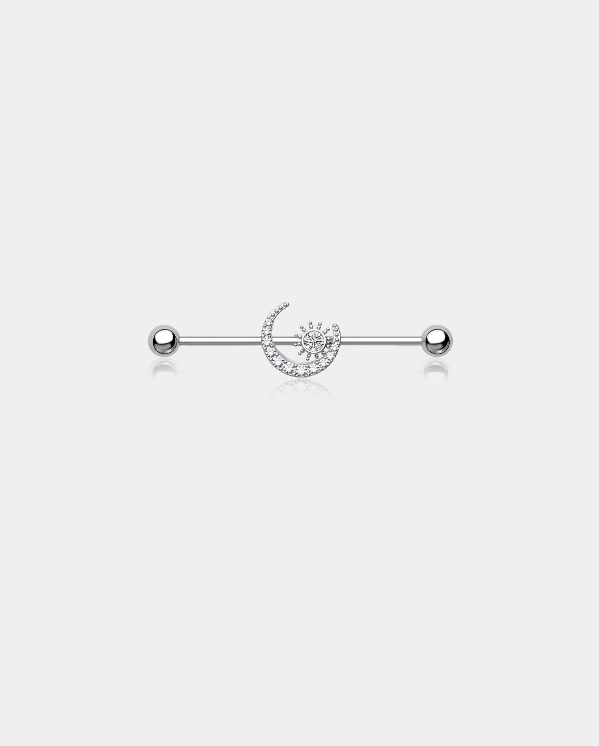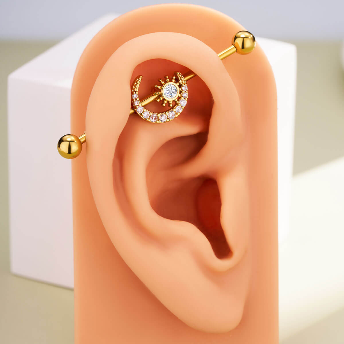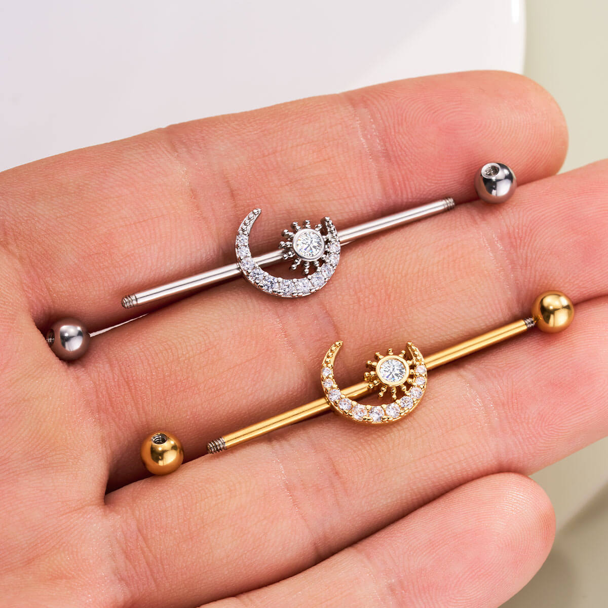 This sun and moon industrial barbell is a captivating piece of body jewelry that perfectly combines celestial elegance with contemporary style. With the sun and moon ensemble, this barbell not only serves as a striking accessory but also embodies a sense of balance and harmony, making it a unique and meaningful addition to any jewelry collection.
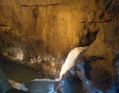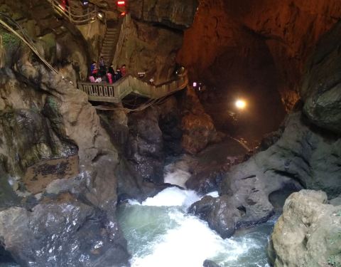 ...雄飞瀑则是其中一绝,地下暗河从高处轰然而下,形成了奇特的地下瀑布,水花飞溅,水声震耳,叹为观止大自然的鬼斧神工,造就了九乡溶洞奇绝的景观,雌雄飞瀑则是其中一绝,地下暗河从高处轰然而下,形成了奇特的地下瀑布,水花飞溅,水声震耳,叹为观止。
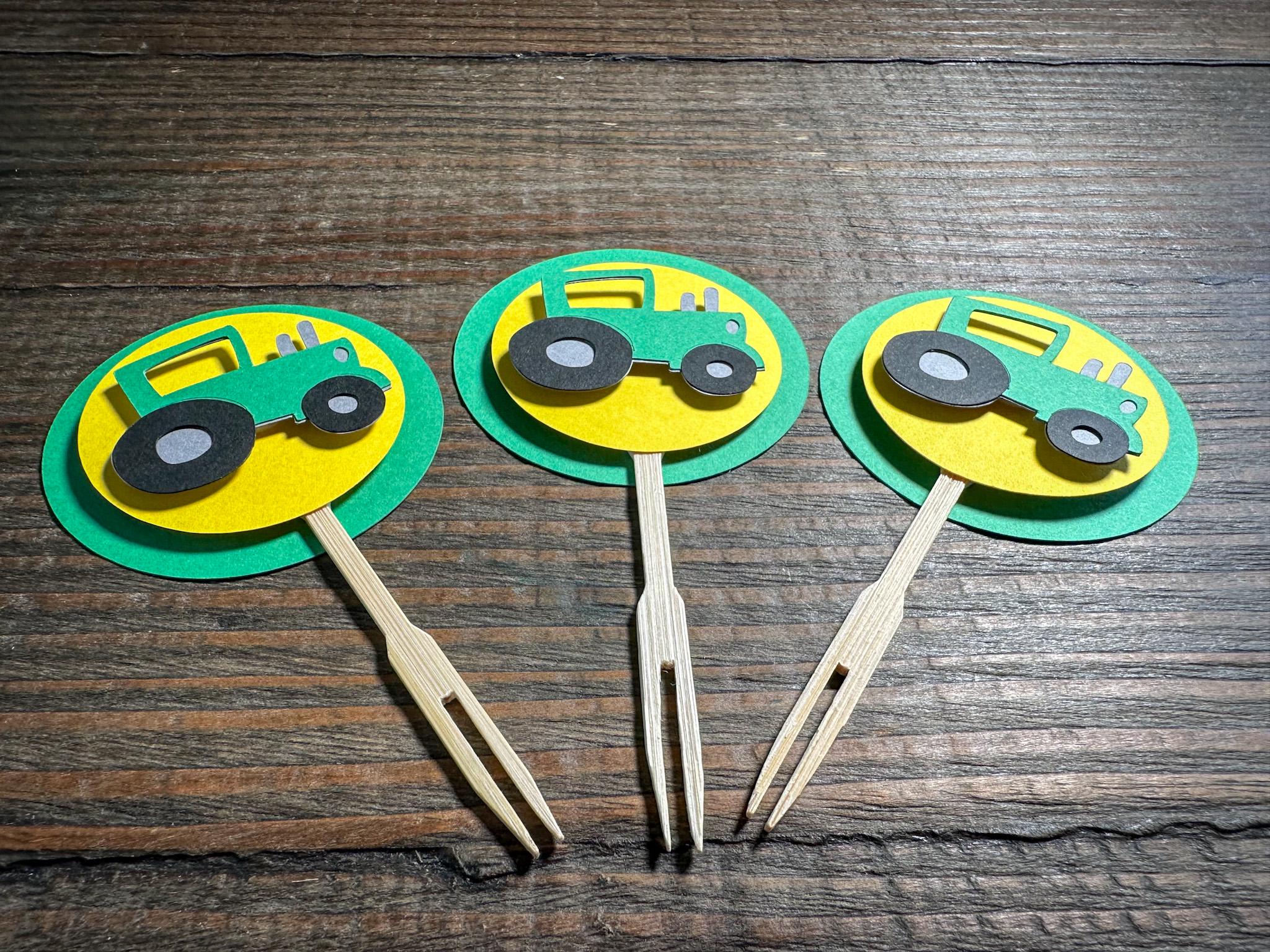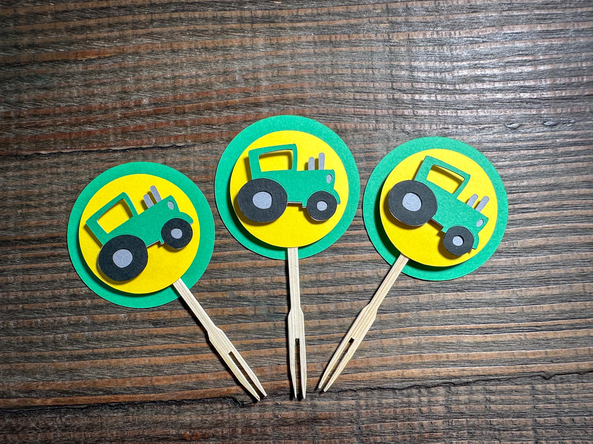 This listing is for 12 cupcake toppers! The toppers are made of premium cardstock and measure 2.5 inches in diameter. They are attached to a bamboo skewer. The tractors are attached with a foam dot for a 3D effect.
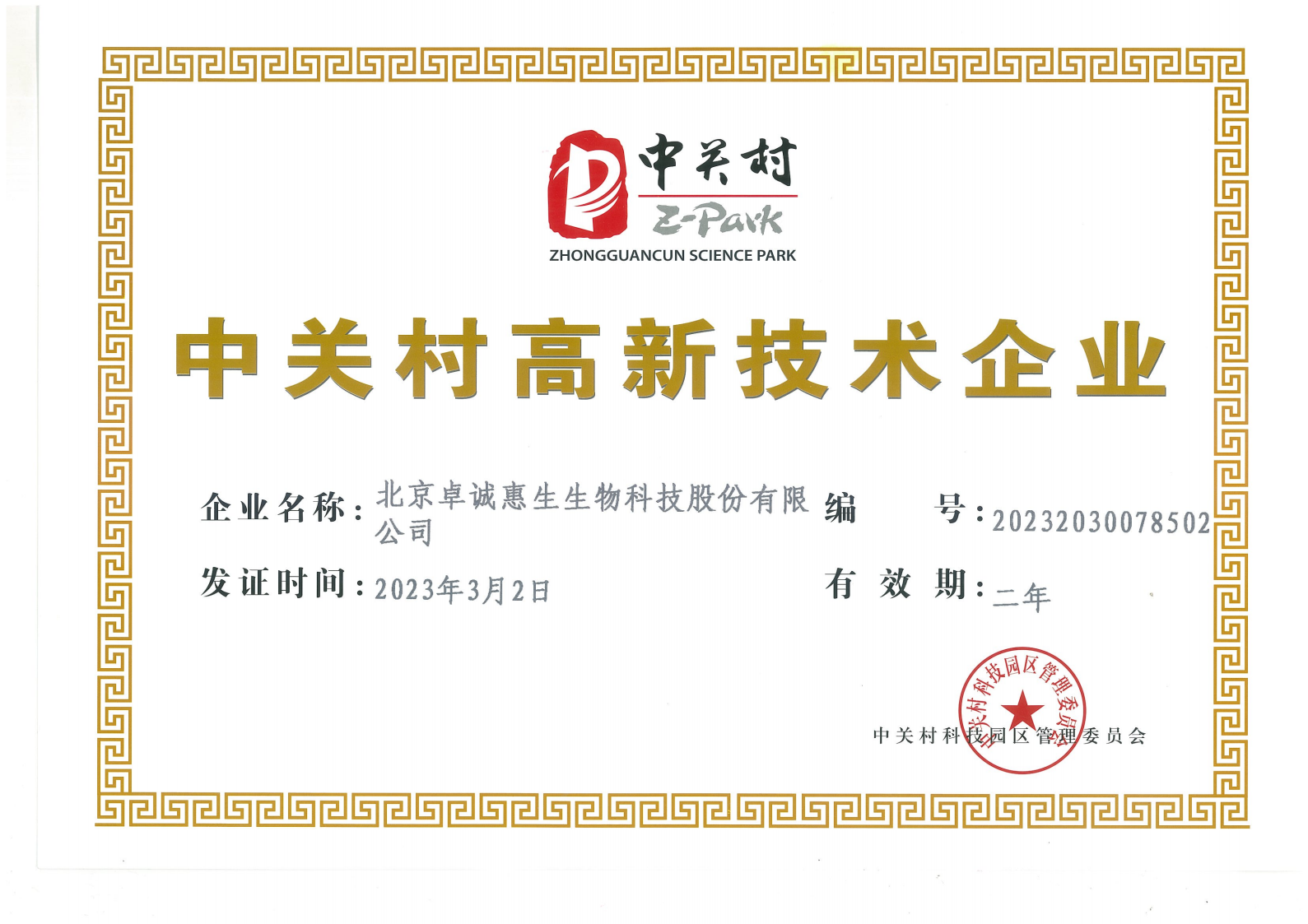 中關(guān)村高新技術(shù)企業(yè)證書(shū)
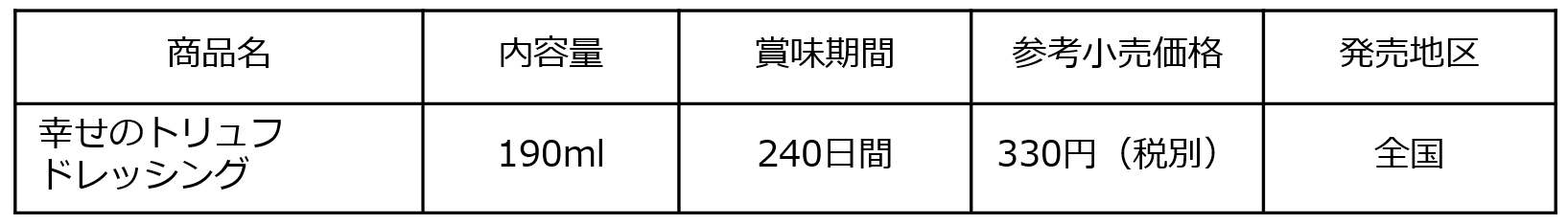 昨今の値上げが続く状況のなかでも「節約はしつつ、ちょっとした贅沢も楽しみたい」という方が多く見られます。本商品はそんなニーズに応えた1本です。ドレッシングの選択にも「簡単にワンランクアップできる」 「わくわくできる」楽しみを提供し、いつもの食卓も少し“リッチ”な気分で楽しめます。
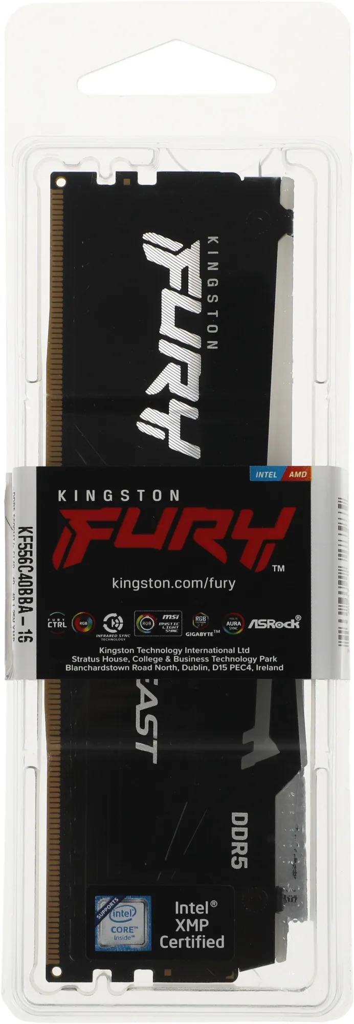 Память DDR5 16GB 5600MHz Kingston KF556C40BBA-16 Fury Beast XMP RGB RTL Gaming PC5-44800 CL40 DIMM 288-pin 1.25В dual rank с радиатором Ret

################

:: Your objective ::
Your copy should match every record exactly and contain no pictures.

:: Exercise answer ::
 This sun and moon industrial barbell is a captivating piece of body jewelry that perfectly combines celestial elegance with contemporary style. With the sun and moon ensemble, this barbell not only serves as a striking accessory but also embodies a sense of balance and harmony, making it a unique and meaningful addition to any jewelry collection.
 ...雄飞瀑则是其中一绝,地下暗河从高处轰然而下,形成了奇特的地下瀑布,水花飞溅,水声震耳,叹为观止大自然的鬼斧神工,造就了九乡溶洞奇绝的景观,雌雄飞瀑则是其中一绝,地下暗河从高处轰然而下,形成了奇特的地下瀑布,水花飞溅,水声震耳,叹为观止。
 This listing is for 12 cupcake toppers! The toppers are made of premium cardstock and measure 2.5 inches in diameter. They are attached to a bamboo skewer. The tractors are attached with a foam dot for a 3D effect.
 中關(guān)村高新技術(shù)企業(yè)證書(shū)
 昨今の値上げが続く状況のなかでも「節約はしつつ、ちょっとした贅沢も楽しみたい」という方が多く見られます。本商品はそんなニーズに応えた1本です。ドレッシングの選択にも「簡単にワンランクアップできる」 「わくわくできる」楽しみを提供し、いつもの食卓も少し“リッチ”な気分で楽しめます。
 Память DDR5 16GB 5600MHz Kingston KF556C40BBA-16 Fury Beast XMP RGB RTL Gaming PC5-44800 CL40 DIMM 288-pin 1.25В dual rank с радиатором Ret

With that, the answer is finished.